How to convert a column value to list in PySpark Azure Databricks?

Are you looking to find how to convert a column to a list of PySpark Dataframe in Azure Databricks cloud using RDD or maybe you are looking for a solution, to convert a column to a list of PySpark Databricks in Azure Databricks using DataFrame? If you are looking for any of these problem solutions, then you have landed on the correct page. I will also show you how to use PySpark to perform these actions in Azure Databricks. I will explain it by taking a practical example. So don’t waste time let’s start step by step guide to understanding how to convert column values to list in PySpark Azure Databricks.

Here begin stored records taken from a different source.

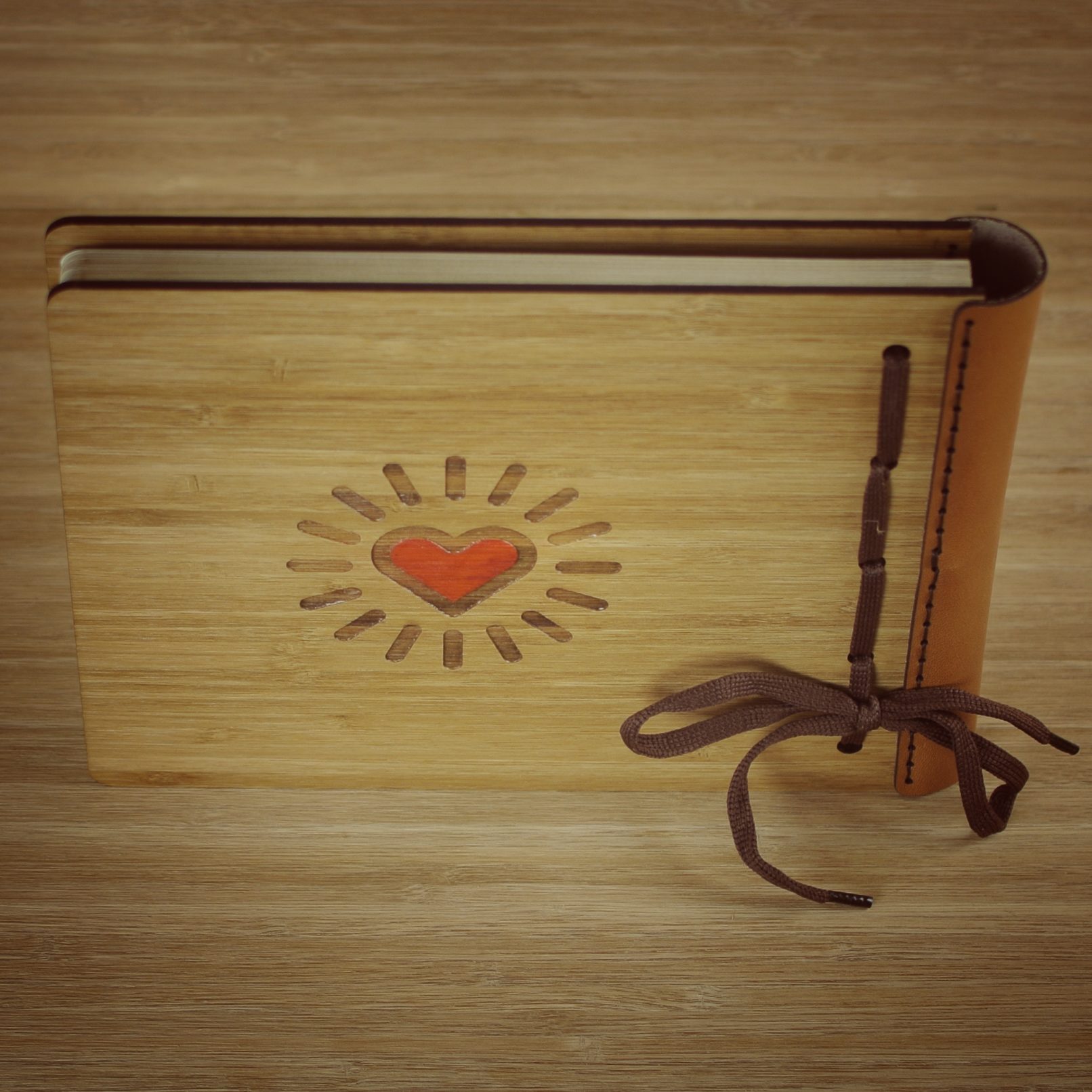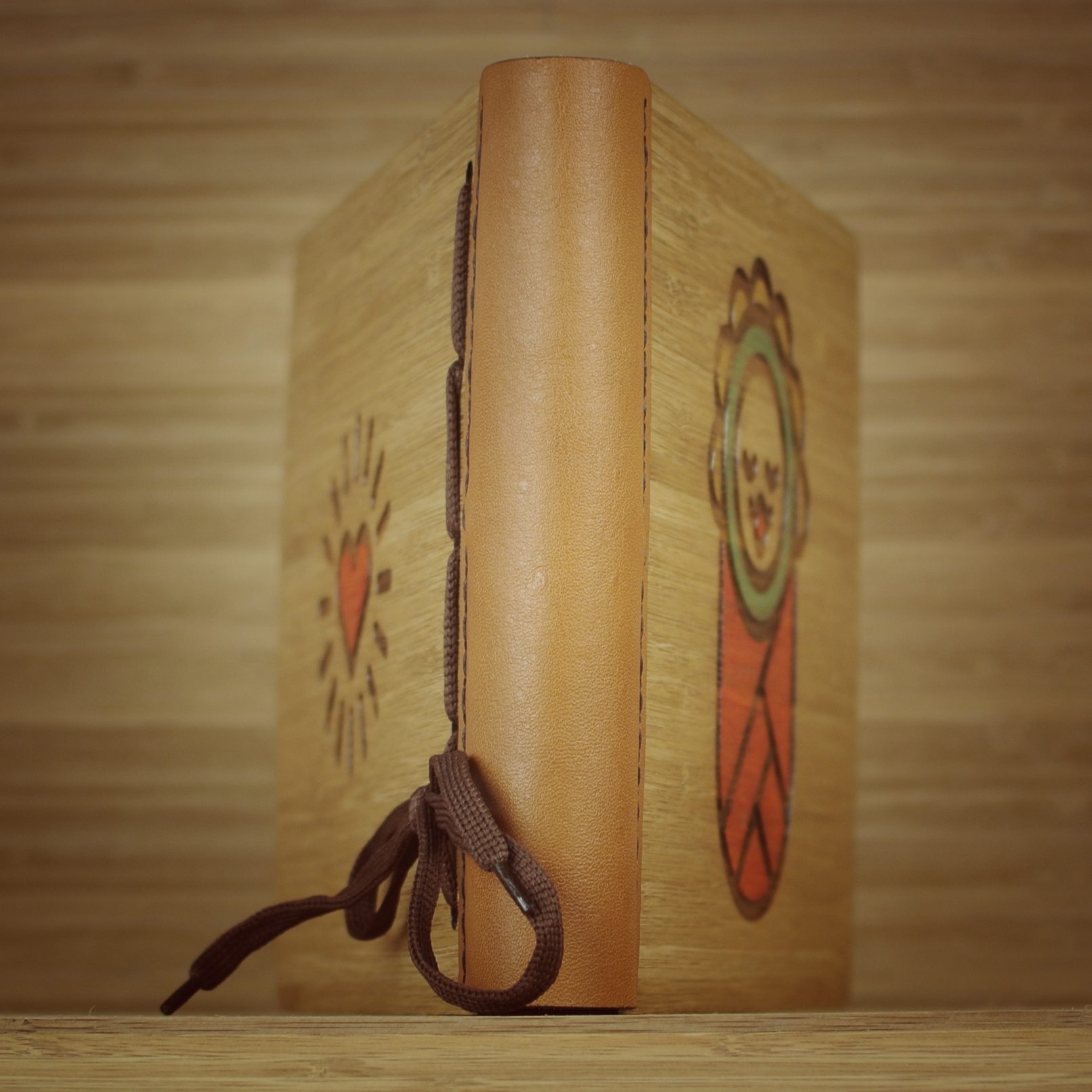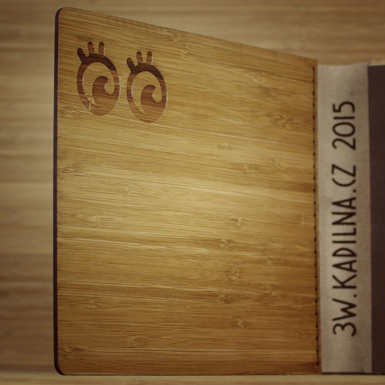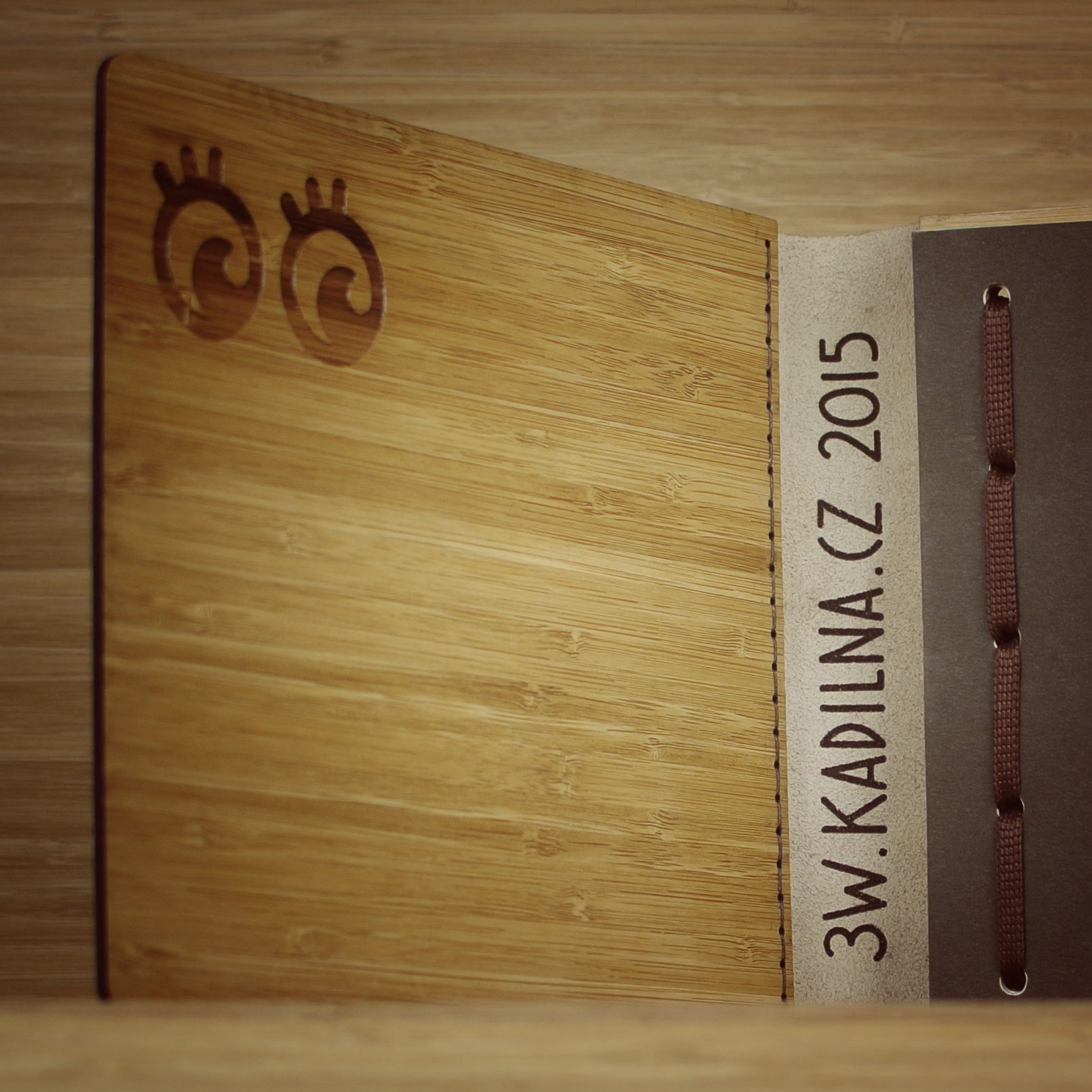 Laserovaná překližka z bambusového dřeva, gravírovaná grafika, kolorovaná, lakovaná. Vložené grafické papíry, vázané tkaničkou.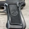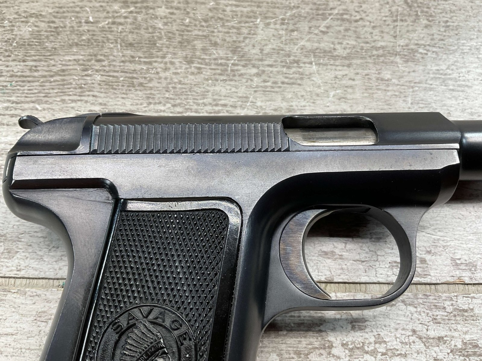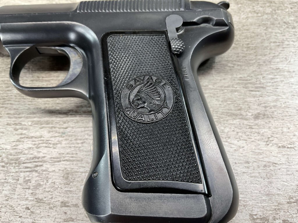 SAVAGE MODEL 1907 .32ACP PISTOL IN ORIGINAL KRAFT BOX #213903, 1919 MFR, BOX MARKED “SAVAGE PISTOL” / “.32 CAL” / AUTOMATIC SMOKELESS RIMLESS”, 10 SHOT MAG, 3 13/16″ BBL, MINTY ORIGINAL BLUE, EXC BRIGHT BORE & RIFLING, EXC BLACK HARD GRIPS, CASE COLOR HARDENED TRIGGER, 98+% OVERALL, RARE IN THIS ORIGINAL MINTY CONDITION!!
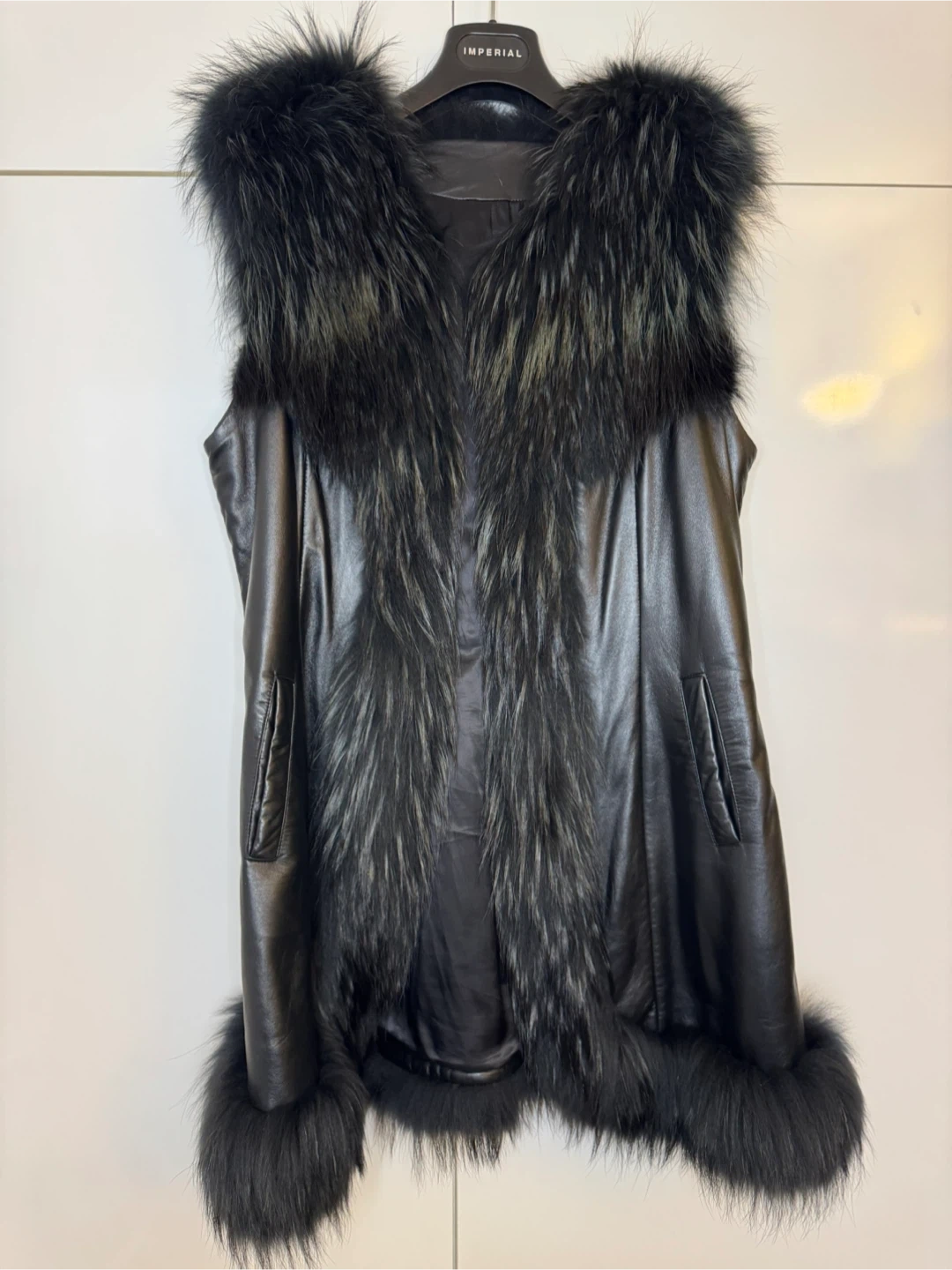 155Black sheep leather vest with large raccoon hair trim. Stylish and easy to pair with outfits.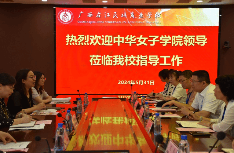 调研座谈会上,百色市妇联党组书记、主席黄玉勉就百色女童教育发展、“文秀巾帼励志班”提升办学特色和知名度等方面做主题讲话,希望中华女子学院分享教育教学经验和资源,推动双方教育领域的互利共赢。广西右江民族商业学校党委书记、校长周罡致辞,并对中华女子学院表示感谢,希望通过引入专业力量、双方紧密合作推进在校学生心理素质发展、加强办学和教育各方面的学习交流;副校长马玉林详细介绍了“广西文秀巾帼励志班”的办学情况。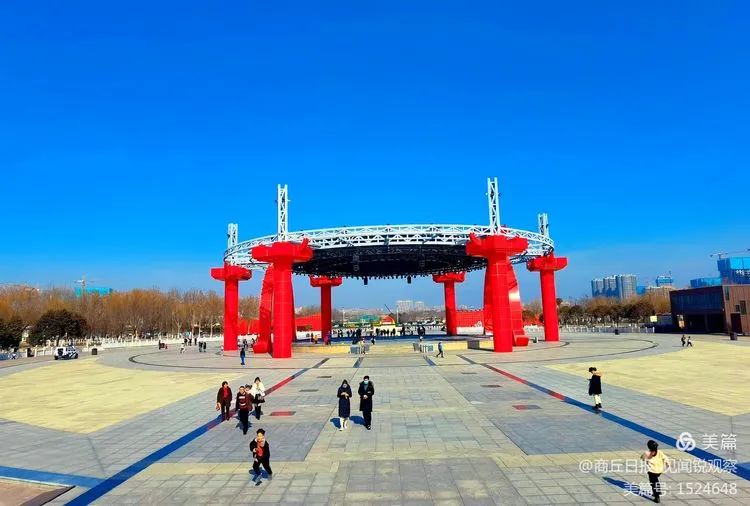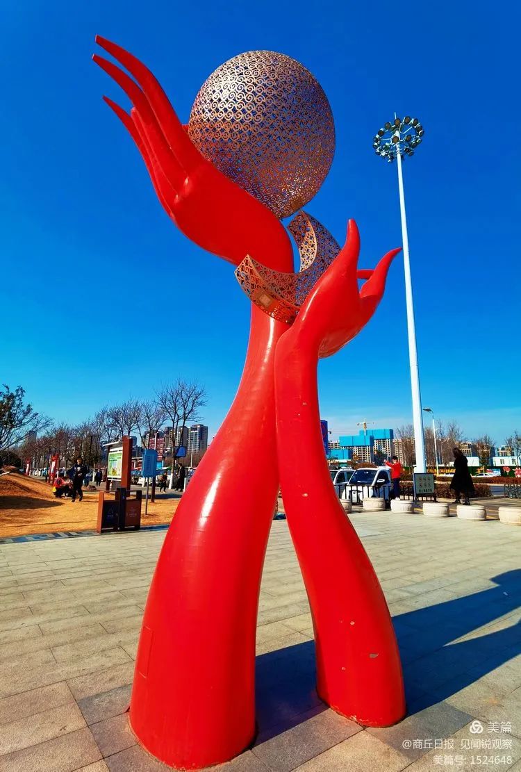 来到39米高的点赞塔脚下,就到了开放的商丘好人主题公园北门。镌刻着“商丘好人主题公园”字样的立方体建筑,如巨幅红旗招展。迎面矗立着红红的“商丘好人”立体LOGO,心与心相连,手与手相牵。公园广场中心圆形天幕舞台,6根红色立柱擎起、东西两侧拱门如红丝带飘扬,红红火火,给人温暖的力量。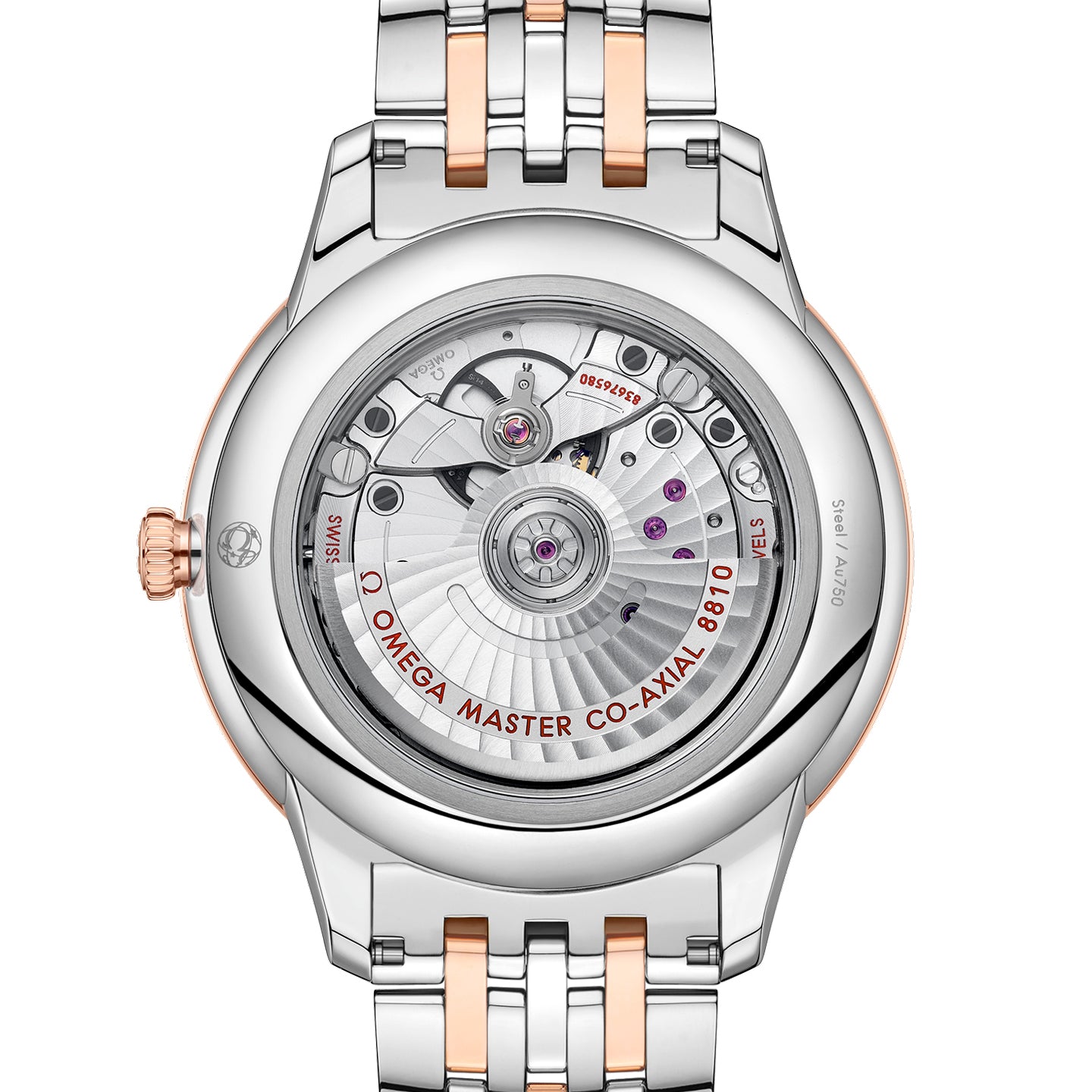 This Master Chronometer certified watch is presented on a stainless steel - Sedna™ Gold bracelet and is driven by the OMEGA Master Co-Axial Calibre 8810, which can be admired through the scratch-resistant sapphire crystal caseback.

In this blog, I will teach you the following with practical examples:

Converting column value into List using column index
Converting column value into List using column name
Converting column value into List using flatMap()
Converting column value into List using Pandas
Get column values in Row types
Converting multiple columns into a Python list
Removing column duplicate values

Contents

1 Create a simple DataFrame
- 1.1 a) Create manual PySpark DataFrame
- 1.2 b) Creating a DataFrame by reading files
2 How to convert columns to list in PySpark Azure Databricks using index value?
- 2.1 Example:
3 How to convert columns to list in PySpark Azure Databricks using the column name?
- 3.1 Example:
4 How to convert columns to list in PySpark Azure Databricks using the flatMap() function?
- 4.1 Example:
5 How to convert columns to list in PySpark Azure Databricks using Pandas DataFrame?
- 5.1 Example:
6 How to convert columns to list of Row types in PySpark Azure Databricks?
- 6.1 Example:
7 How to convert multiple columns to list of Row types in PySpark Azure Databricks?
- 7.1 Example:
8 How to remove duplicates of columns value after collecting them in PySpark Azure Databricks?
- 8.1 Example:
9 When should you convert columns value into a list in PySpark Azure Databricks?
10 Real World Use Case Scenarios for converting column values into lists in PySpark Azure Databricks?
11 What are the alternatives for converting column values into lists in PySpark Azure Databricks?
12 Final Thoughts

Create a simple DataFrame

Gentle reminder:

In Databricks,

sparkSession made available as spark
sparkContext made available as sc

In case, you want to create it manually, use the below code.

from pyspark.sql.session import SparkSession

spark = SparkSession.builder 
    .master("local[*]") 
    .appName("azurelib.com") 
    .getOrCreate()

sc = spark.sparkContext

a) Create manual PySpark DataFrame

data = [ 
    (1,"Jacynth","DL"),
    (2,"Rand","TN"),
    (3,"Marquita","DL"),
    (4,"Rodrick","KL"),
    (5,"Ingram","TN")
]

df = spark.createDataFrame(data, schema=["id","name","state"])
df.printSchema()
df.show(truncate=False)

"""
root
 |-- id: long (nullable = true)
 |-- name: string (nullable = true)
 |-- state: string (nullable = true)

+---+--------+-----+
|id |name    |state|
+---+--------+-----+
|1  |Jacynth |DL   |
|2  |Rand    |TN   |
|3  |Marquita|DL   |
|4  |Rodrick |KL   |
|5  |Ingram  |TN   |
+---+--------+-----+
"""

b) Creating a DataFrame by reading files

Download and use the below source file.

Download Sample People.csv

# replace the file_paths with the source file location which you have downloaded.

df_2 = spark.read.format("csv").option("header", True).load(file_path)
df_2.printSchema()

"""
root
 |-- id: long (nullable = true)
 |-- name: string (nullable = true)
 |-- state: string (nullable = true)
"""

Do remember one thing: In order to fetch a column and convert the values into a list or any iterable value, you have to select the column and apply a collect() action on top of the transformation.

How to convert columns to list in PySpark Azure Databricks using index value?

Let’s look at how to convert columns to lists in PySpark Azure Databricks using index values with a practical example in this section.